Review: Swimming in the Congo by Margaret Myers
Swimming in the Congo is one of the best books I have read in a long time and it is likely to remain a favorite for me. When I was growing up, my parents told us many stories about their missionary years in Africa (1925 to 1932). If they or any other people were swimming in the Congo River, they never mentioned it. So, I was spared another regret that I had not been born in Africa like my brothers and sister and experienced the adventures of living there. Though I did not have the opportunity to swim in the Congo River, I did have the childhood joys of swimming in the Big Fork River, Rainy Lake, Lake Kabetogama, Lake Namakan, and best of all, Rainy River at City Dock in International Falls, Minnesota. Had I known, however, that missionary kids like Grace, the heroine of the book, were actually swimming in the Congo River, my childhood would have been considerably more difficult.

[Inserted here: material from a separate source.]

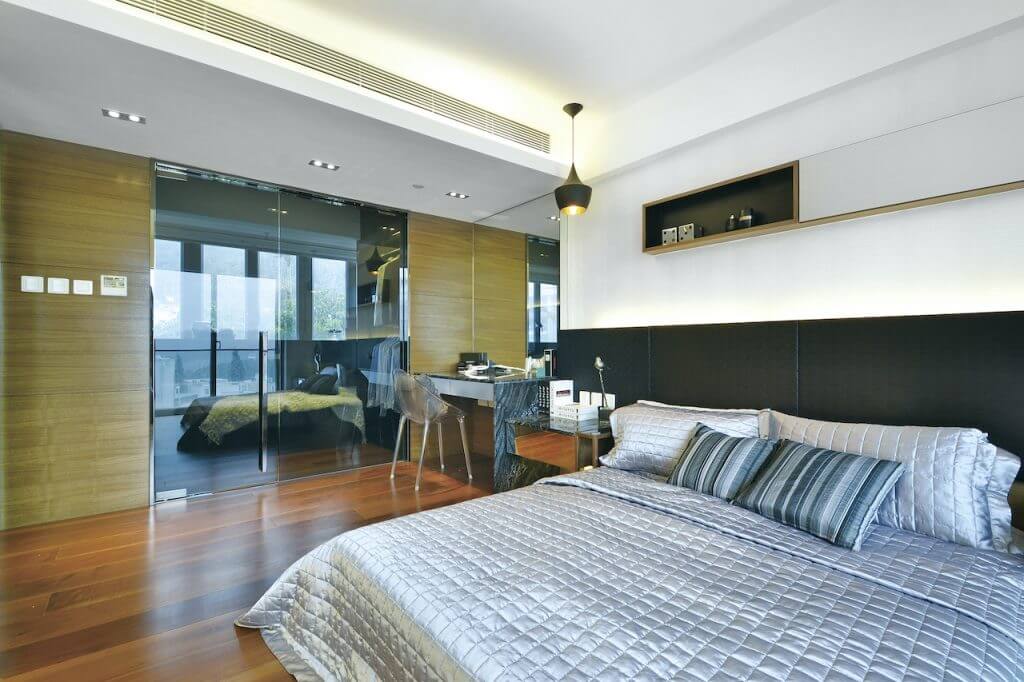 Nestled among neighboring white houses, this stylish single unit home featuring generous glass walls is an eye catching attraction. The floor-to- ceiling glass windows are made from high quality pellucid material to divide yet connect the interior with the open and scenic landscape. To maximize natural illumination and allow a panoramic view of the natural surroundings, designer Eric Fung appointed the home with impeccable decorative accessories and handpicked furniture. Beige forms the basis for theneutral colour scheme of beige enhanced by the surrounding nature; low furniture groupings allow for unrestricted observation of the exterior which blends in seamlessly with the interior design. Spaces are clearly defined by separating the living/dining areas from bedrooms located on different floors for privacy. The ground floor where the open kitchen and dining room are located exudes a sophisticated flair that echoes the garden vista outside the window facade. Walls are lined with silver mosaic tiles while light grey marble flooring and translucent Louis Ghost chairs by renowned designer Philippe Starck add sparkle to the heart of the home.

Reading about Grace is almost as good as a childhood in Africa. As she describes her adventures, she cuts beneath missionary and Western stereotypes to reveal levels of interaction that only children can achieve. On one level, the book is pure fun, in spite of some sad events. On another level, it is about a person, a young girl, in the process of development in the midst of deep and varied cultural, religious, and social currents. At this level, it seems that "swimming in the Congo" is also a metaphor for growing up in the stream of a mix of these strong cultural, religious, and social currents.
In one story, "Foolish Virgins," Grace tells about the evangelistic visit of the Reverend Hadley Wilson at her missionary boarding school. As Grace and her forth-grade friend Carrie got dressed for Reverend Wilson's first service, Carrie asked: "How many times have you been saved, Grace?" The answer was eleven. "'Is that all?' Carrie tossed her head with an air of virtuous suffering. 'I've been saved twenty-four times.' "

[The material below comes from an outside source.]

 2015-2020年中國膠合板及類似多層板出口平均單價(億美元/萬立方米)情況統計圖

Reverend Wilson preached about the evil Madame Potiphar: "A bared leg may tempt even a godly man to lust.... No Christian female wants that on her conscience." Grace glanced down at her pink petunia dress and drew the skirt over her skinned knees. Carrie tugged at the hem of her skirt and "yanked [it] down as far as it would go, then pinned it in place with the heavy green hymnal" (pp. 87, 88).
Each chapter is a fine, fresh story. There is a surprising discovery in "Miss Adela's Garden" and a very sad ending to "Bofio." In "Sea of Iniquity" we are plunged into the cultic mysteries of two cultures and Grace risks her soul for her father's health.
The stories take place just before and at the time of independence. Margaret Meyers tells them as a child would, and she never abandons that viewing point. When I read it again, I hope it will be aloud to a young girl or boy.